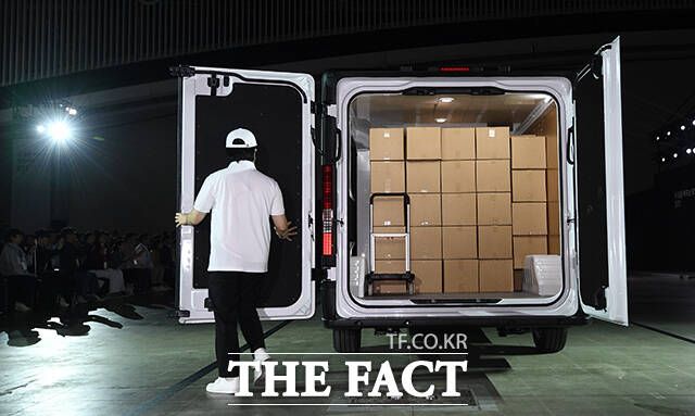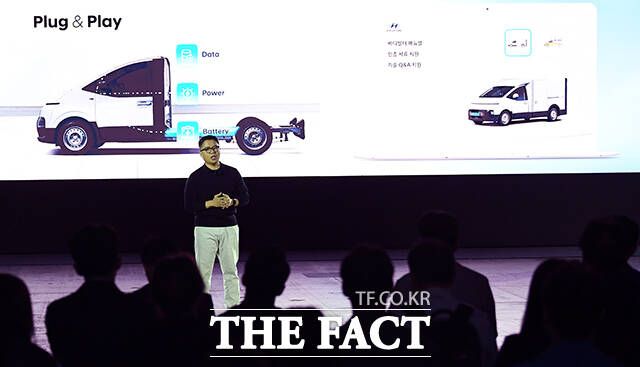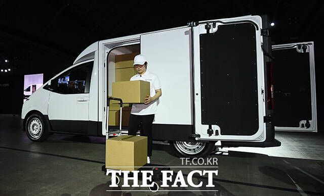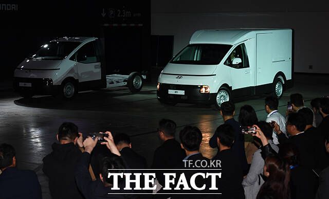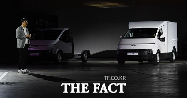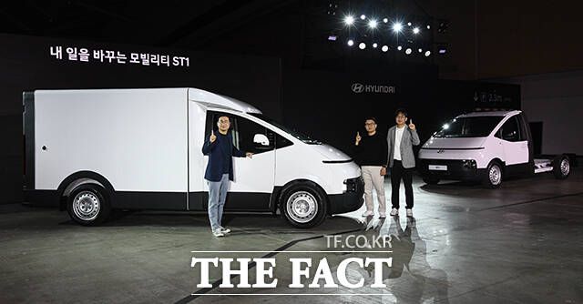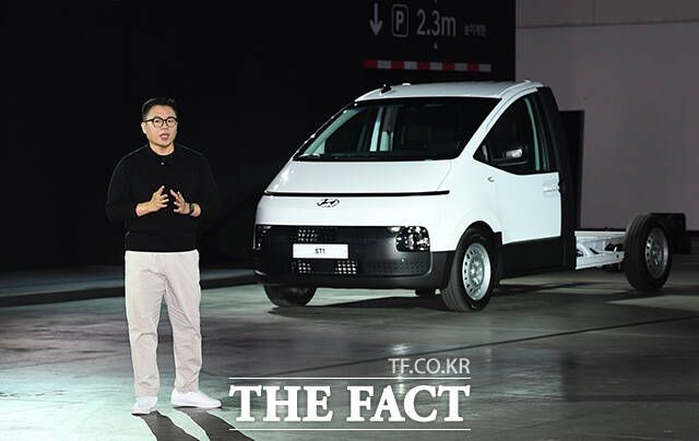 [더팩트ㅣ인천=이동률 기자] 정유석 현대자동차 국내사업본부 부사장을 비롯한 관계자들이 23일 인천 연수구 송도컨벤시아에서 열린 ST1 신차발표회에 참석해 차량을 소개하고 있다.
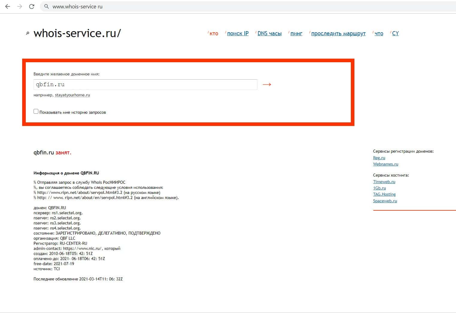 С помощью сайта whois-service ru мы решили узнать владельца домена конторы кидал Кью Б Фин, но оказалось, что мошенническая организация скрывает данную информацию.
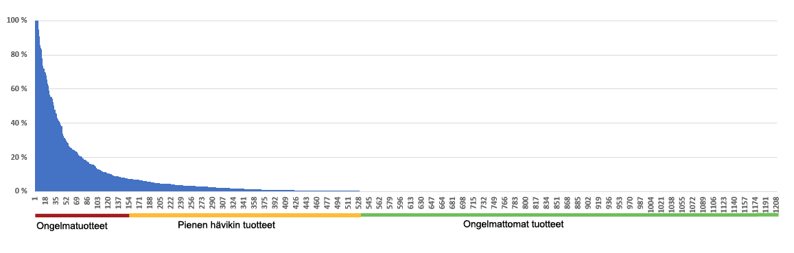 Nyt on hyvin helppoa havaita, että yli puolet tuotteista ei aiheuta mitään ongelmia. Reilu neljännes aiheuttaa vähän, mutta pieni osa aiheuttaa valtavasti ongelmia. Näihin on helppo puuttua, sillä yksittäisissä tuotteissa hävikki on suurta.
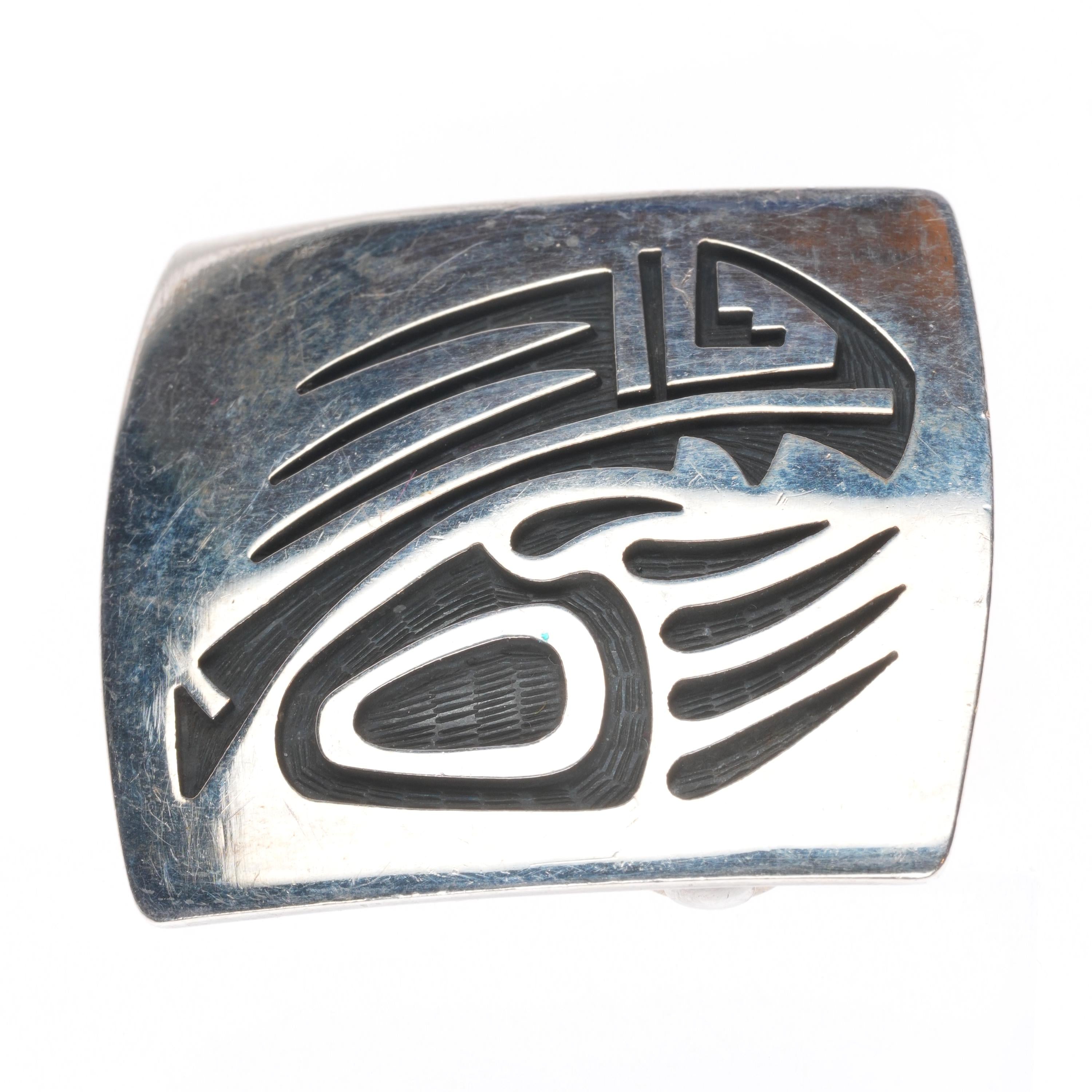 small vintage Hopi overlay bear paw sterling silver belt buckle

·····

WHAT YOU SHOULD DO
Pictures in the listing above must be skipped; everything else should be copied exactly.

TASK ANSWER
 [더팩트ㅣ인천=이동률 기자] 정유석 현대자동차 국내사업본부 부사장을 비롯한 관계자들이 23일 인천 연수구 송도컨벤시아에서 열린 ST1 신차발표회에 참석해 차량을 소개하고 있다.
 С помощью сайта whois-service ru мы решили узнать владельца домена конторы кидал Кью Б Фин, но оказалось, что мошенническая организация скрывает данную информацию.
 Nyt on hyvin helppoa havaita, että yli puolet tuotteista ei aiheuta mitään ongelmia. Reilu neljännes aiheuttaa vähän, mutta pieni osa aiheuttaa valtavasti ongelmia. Näihin on helppo puuttua, sillä yksittäisissä tuotteissa hävikki on suurta.
 small vintage Hopi overlay bear paw sterling silver belt buckle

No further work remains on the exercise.